### Activity
What is needed is the exact text of each line in the listing below from the one with "Cette carte RSVP" up to and including the one with "Mint Sheet Potpourri.", and no pictures.

### Material for the task
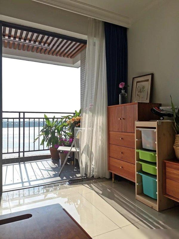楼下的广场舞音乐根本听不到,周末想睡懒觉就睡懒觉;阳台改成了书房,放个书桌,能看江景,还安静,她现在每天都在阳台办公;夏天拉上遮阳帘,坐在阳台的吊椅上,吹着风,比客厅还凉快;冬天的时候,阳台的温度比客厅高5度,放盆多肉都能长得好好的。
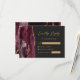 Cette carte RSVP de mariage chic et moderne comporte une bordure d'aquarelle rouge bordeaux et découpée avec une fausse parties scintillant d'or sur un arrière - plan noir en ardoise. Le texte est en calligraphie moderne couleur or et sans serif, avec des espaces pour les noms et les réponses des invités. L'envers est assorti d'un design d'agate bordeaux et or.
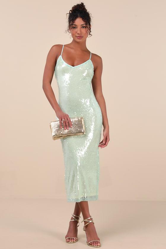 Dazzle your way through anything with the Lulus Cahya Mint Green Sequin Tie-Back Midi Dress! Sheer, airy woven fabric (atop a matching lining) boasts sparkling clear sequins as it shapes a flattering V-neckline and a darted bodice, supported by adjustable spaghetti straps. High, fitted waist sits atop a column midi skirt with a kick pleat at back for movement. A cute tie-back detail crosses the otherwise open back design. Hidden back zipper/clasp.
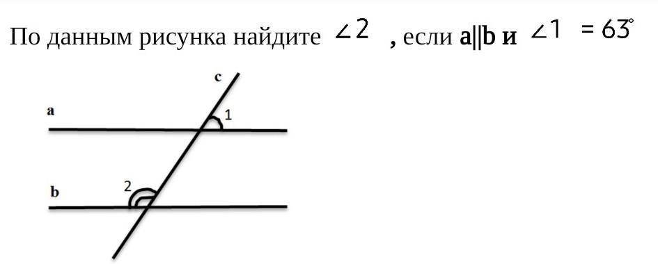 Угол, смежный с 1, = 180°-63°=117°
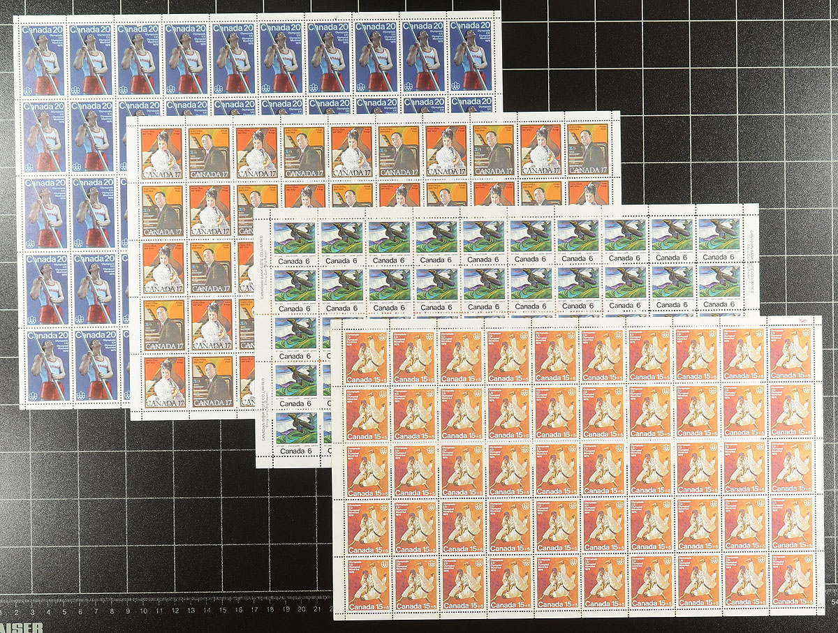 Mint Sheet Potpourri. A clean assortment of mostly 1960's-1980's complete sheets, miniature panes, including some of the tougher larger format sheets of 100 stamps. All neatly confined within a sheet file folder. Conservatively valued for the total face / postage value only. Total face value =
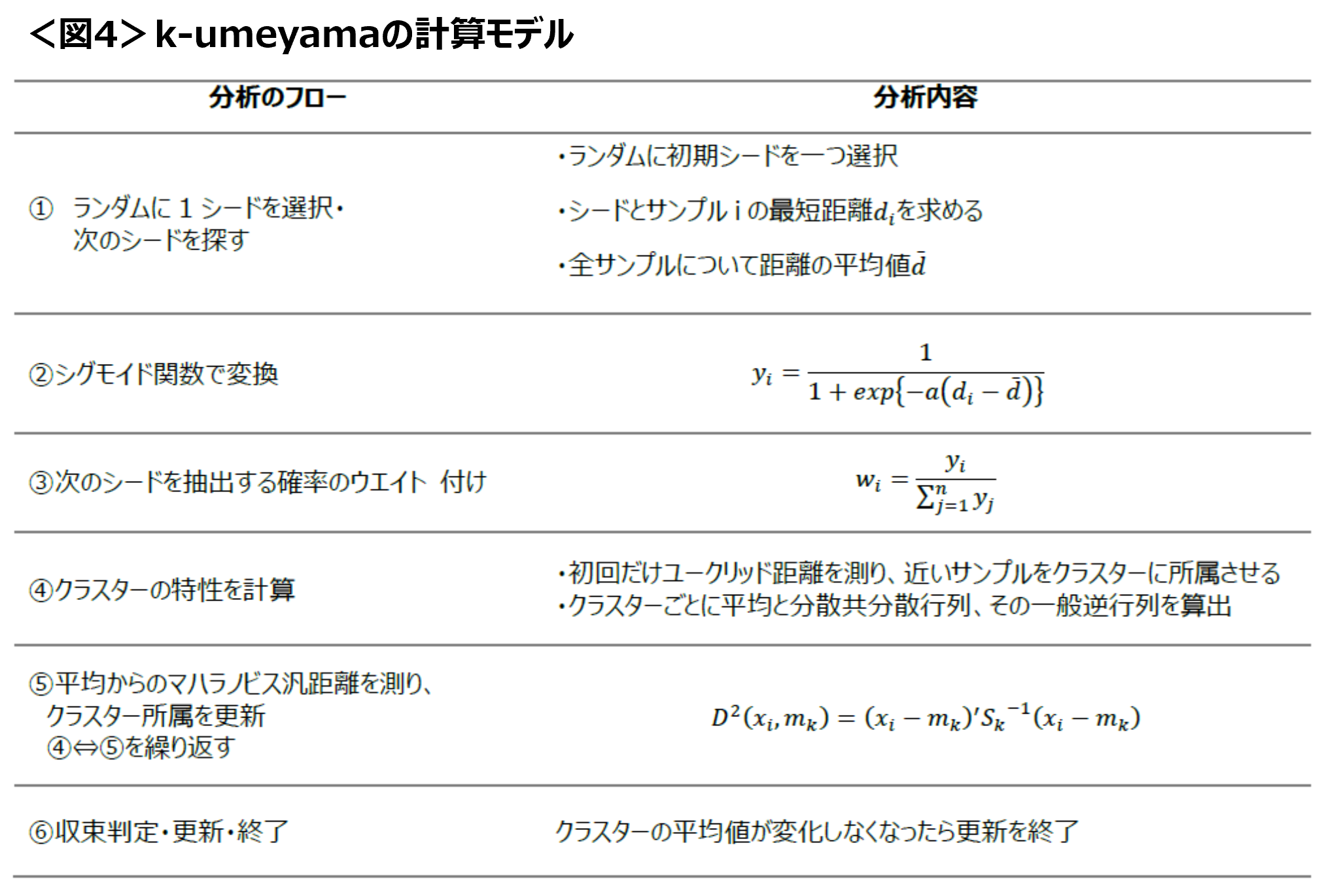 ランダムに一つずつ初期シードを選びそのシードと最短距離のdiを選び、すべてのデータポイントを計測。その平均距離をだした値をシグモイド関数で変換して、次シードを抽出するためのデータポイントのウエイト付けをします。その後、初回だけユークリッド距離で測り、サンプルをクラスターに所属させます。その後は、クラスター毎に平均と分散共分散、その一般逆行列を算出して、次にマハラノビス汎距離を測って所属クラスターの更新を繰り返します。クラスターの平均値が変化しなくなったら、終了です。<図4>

### Written solution
 Cette carte RSVP de mariage chic et moderne comporte une bordure d'aquarelle rouge bordeaux et découpée avec une fausse parties scintillant d'or sur un arrière - plan noir en ardoise. Le texte est en calligraphie moderne couleur or et sans serif, avec des espaces pour les noms et les réponses des invités. L'envers est assorti d'un design d'agate bordeaux et or.
 Dazzle your way through anything with the Lulus Cahya Mint Green Sequin Tie-Back Midi Dress! Sheer, airy woven fabric (atop a matching lining) boasts sparkling clear sequins as it shapes a flattering V-neckline and a darted bodice, supported by adjustable spaghetti straps. High, fitted waist sits atop a column midi skirt with a kick pleat at back for movement. A cute tie-back detail crosses the otherwise open back design. Hidden back zipper/clasp.
 Угол, смежный с 1, = 180°-63°=117°
 Mint Sheet Potpourri. A clean assortment of mostly 1960's-1980's complete sheets, miniature panes, including some of the tougher larger format sheets of 100 stamps. All neatly confined within a sheet file folder. Conservatively valued for the total face / postage value only. Total face value =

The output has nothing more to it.